Sejarah sering ditulis oleh para pemenang. Akibatnya, panggungnya penuh nama besar, lengkap dengan monumen dan prasasti.
Di belakang layar, ada cerita lain yang jarang disebut. Cerita para pahlawan kecil yang nyaris tak terdengar.
Mereka juga bertaruh nyawa. Sama beratnya. Hanya saja, nama mereka lenyap dari arsip resmi.
Ketika kisah-kisah itu muncul kembali, kita seperti sedang menatap cermin yang pahit. Cermin tentang cara bangsa ini mengenang para pendirinya.
Salah satu kisah yang menempel di benak datang dari The Sin Nio. Perempuan Tionghoa yang berani, yang mimpinya sederhana sekaligus besar: ikut memperjuangkan kemerdekaan (Historia.ID).

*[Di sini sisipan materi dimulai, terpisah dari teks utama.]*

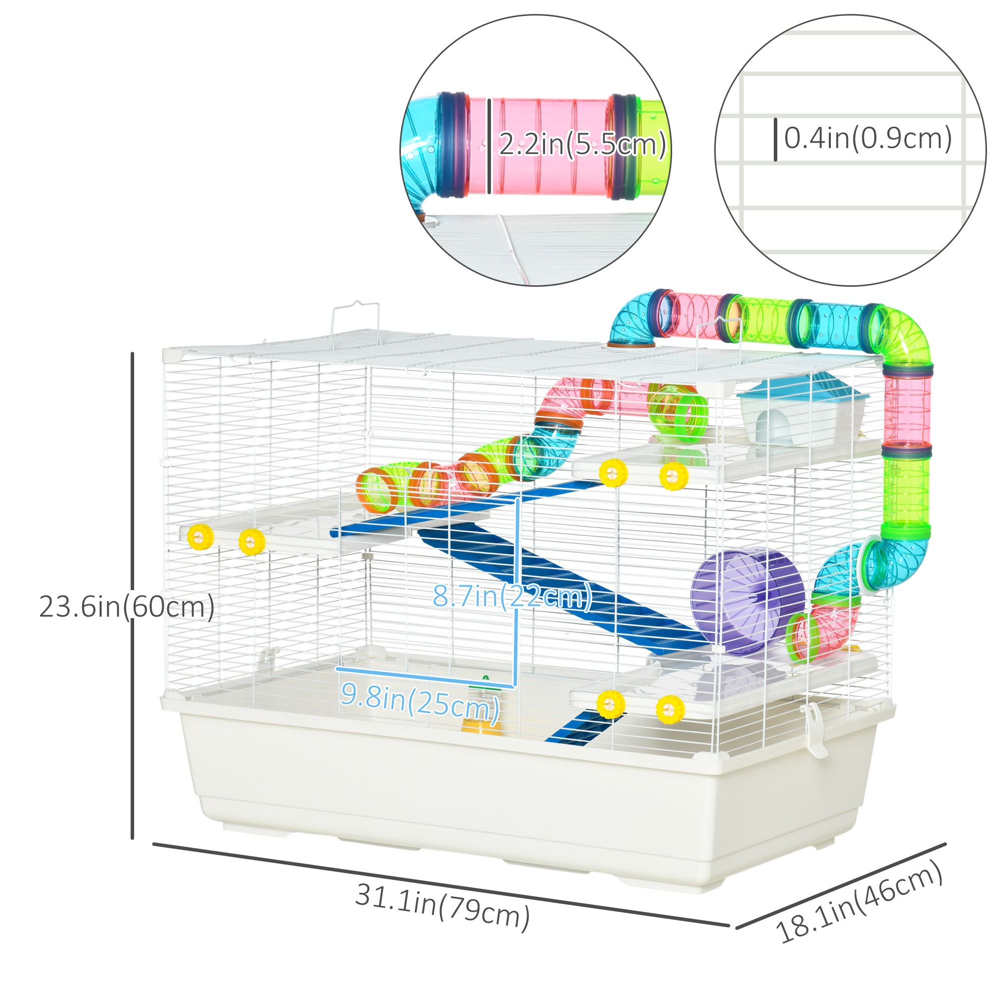 31" Large Hamster Cage, Small Animal House, Multi-storey Gerbil Haven, Tunnel Tube System, with Water Bottle, Exercise Wheel, Food Dish, Ramps, White
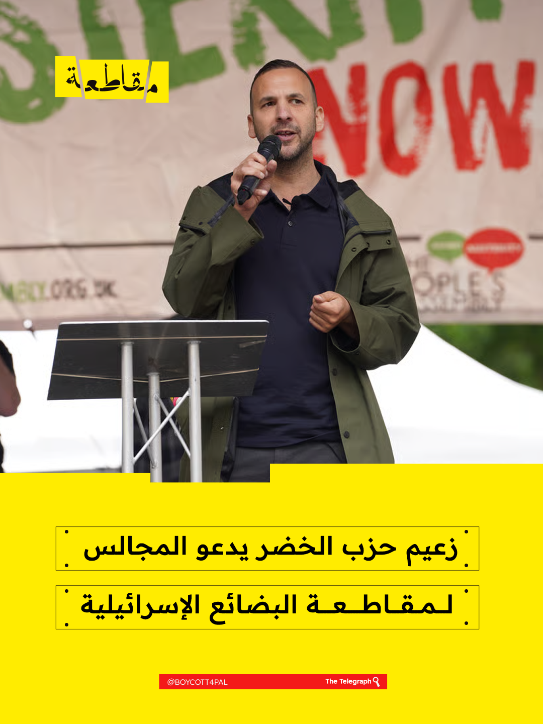 دعا زاك بولانسكي، زعيم حزب الخضر في المملكة المتحدة، المجالس المحلية إلى مقاطعة البضائع الإسرائيلية، مؤكدًا دعمه لحركة المقاطعة التي تهدف إلى مقاطعة الشركات المرتبطة بالاحتلال.
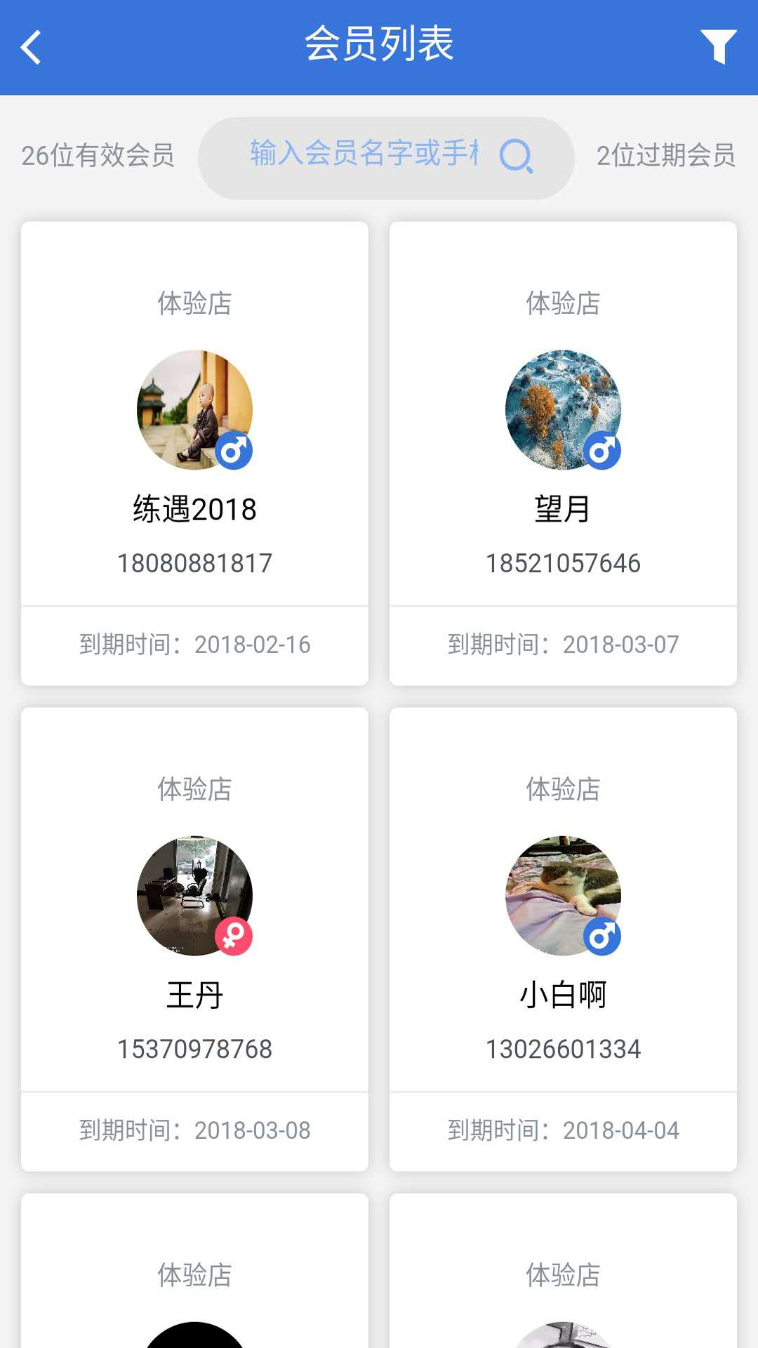 app会提供门店的会员信息,商家就能浏览各个会员的数据;
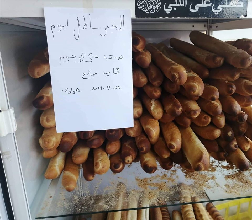 في مختلف ولايات الوطن شرقا وغربا شمالا وجنوبا علّق بعض التجار لافتات على بعض سلعهم وخدماتهم التي عرضوها مجانا أمام الزبائن صدقة على روح القايد صالح الذي وافته المنية صباح الاثنين، إثر سكتة قلبية، حيث كتب أحد التجار بمنطقة عين أمناس “الخبز باطل صدقة على القايد صالح رحمه الله والأمر نفسه في بلدية حاسي بحبح بولاية الجلفة” وكتب آخر بولاية المدية بمنطقة عين الذهب “الياغورت والخبز اليوم باطل على روح القايد”، أمّا تاجر آخر فقدم البرتقال والموز مجانا حسب ما ظهر من لافتة كبيرة عرضت إلى جانب سلعته”.
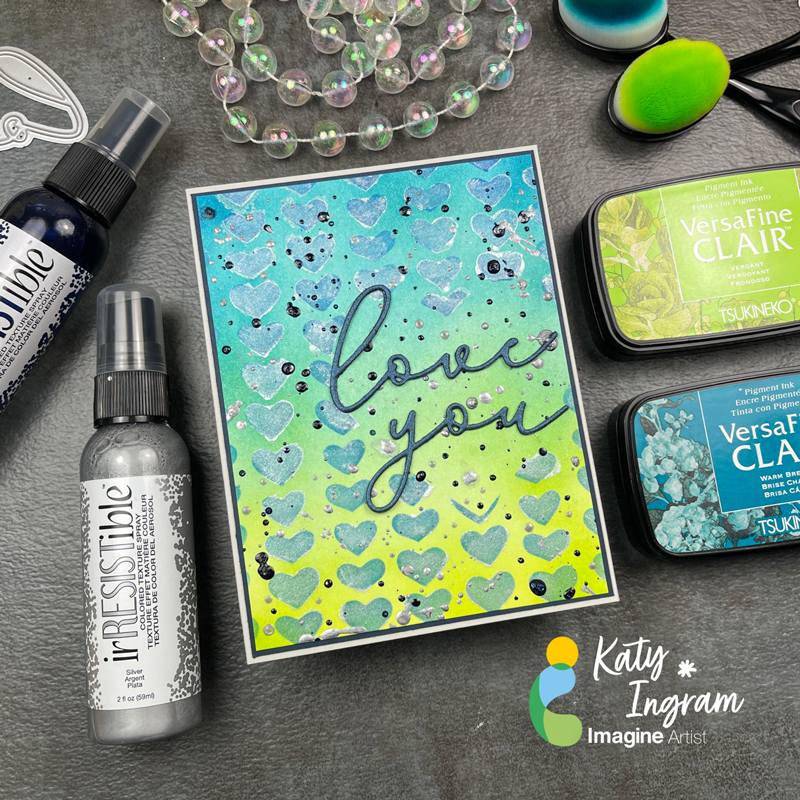 In today’s video tutorial I do some ink blending with VersaFine Clair Verdant and Warm Breeze. I haven’t used these two colors for ink blending before and they blended really well and the colors coordinate perfectly together. I used a heart stencil with VersaFine Clair Paradise to blend over the ink blended panel and then added some Sheer Shimmer Stix in Frost for a bit of shimmer. I also pulled out some irRESISTible Spray in Paris Dusk and Silver to create some splatter. I finished the panel off by die cutting the words love and you with some metallic blue cardstock. Check out the video to see the process in action. I hope you enjoy and thanks for stopping by.

Masalahnya, medan perang saat itu bukan ruang yang ramah bagi perempuan. Peran dibatasi urusan rumah. Ada hambatan lain yang tak kalah berat, yaitu identitasnya sebagai keturunan Tionghoa. Kecurigaan rasial membuat posisinya rapuh sejak awal (National Geographic Indonesia).
The Sin Nio tidak mundur. Ia memilih langkah yang tak biasa, dan itu menunjukkan tekadnya yang keras.
Ia menyamar sebagai laki-laki. Rambut dipangkas pendek. Dadanya dibebat agar tampak bidang.
Ia memakai nama Mochamad Moeksin. Dengan identitas baru itu ia diterima bergabung di Resimen 18 Wonosobo.
Di sana ia mengangkat senjata, ikut bertempur, lalu beralih merawat kawan-kawannya yang terluka. Semua ia lakukan untuk Indonesia merdeka (Historia.ID).
Kemerdekaan akhirnya tercapai. Perang usai. Tapi perjuangan Sin Nio belum selesai.